В одиннадцать лет я впервые стал невольным свидетелем более или менее внятного разговора о нем. Я ерзал на стуле, куда был посажен в качестве варварского наказания, когда принесли письмо, и я заметил, что пока отец его читал, лицо его сначала помрачнело, а потом стало грозным. Инстинкт подсказал мне, что письмо имеет отношение к дяде Джорджу, и я не ошибся.

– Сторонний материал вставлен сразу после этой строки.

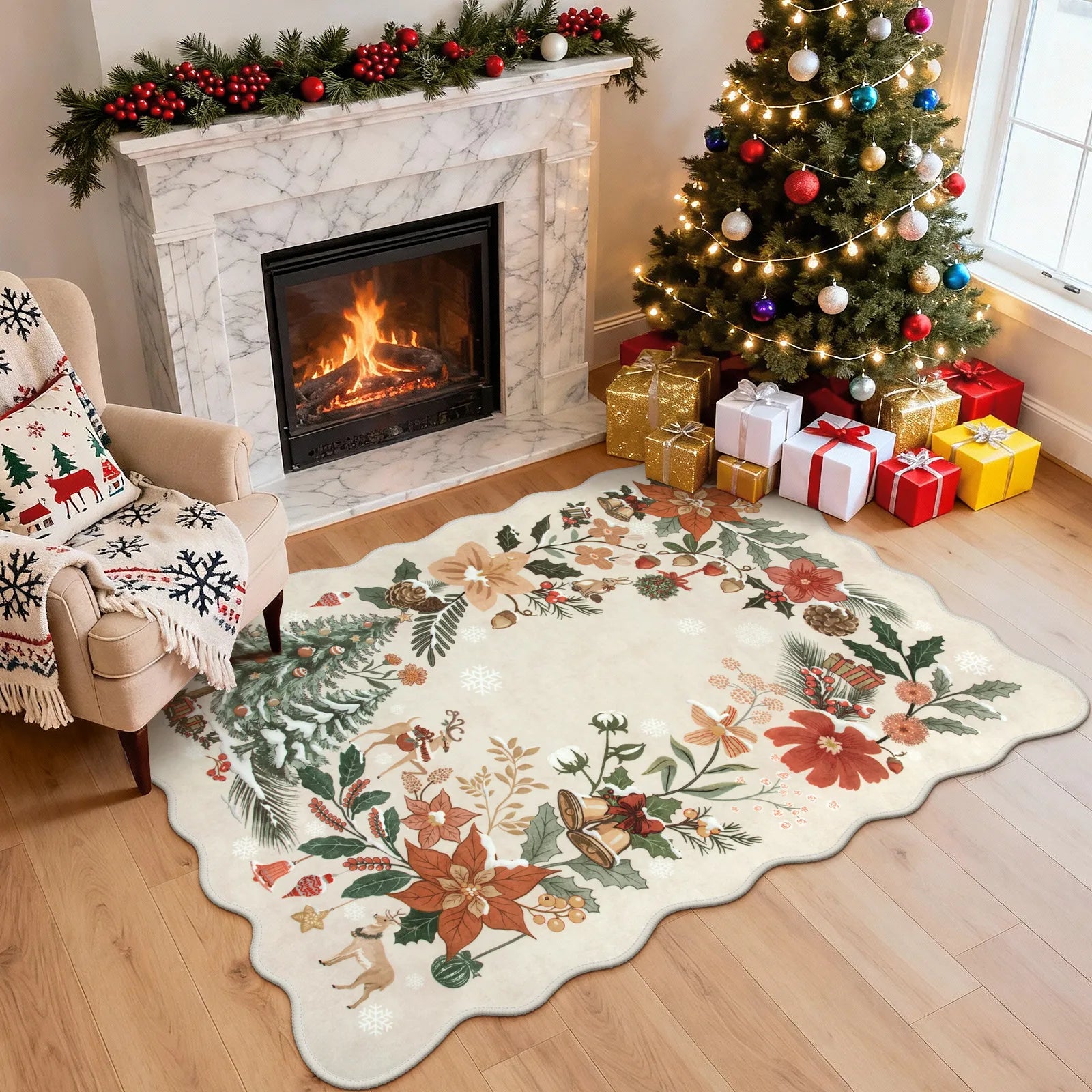 Nicolas Christmas Washable Floral Bell Beige Rug

— Что случилось, Том? Кто-то заболел? — встревожилась мать.
Вместо ответа, отец встал и протянул ей письмо, к которому прилагались какие-то газетные вырезки. Прочтя его дважды (поскольку мамино простодушное любопытство вечно подбивало ее первым делом снять пенки), она вспылила:
— А почему она пишет об этом тебе, а не мне?
Отец устало рухнул на диван и картинно вытянул длинные ноги.
— Это становится уже утомительным, не правда ли? Уже в третий раз он оказывается… увлечен… — Я навострил уши, поскольку явственно расслышал, как он пробормотал со вздохом: — Вот же дурак чертов!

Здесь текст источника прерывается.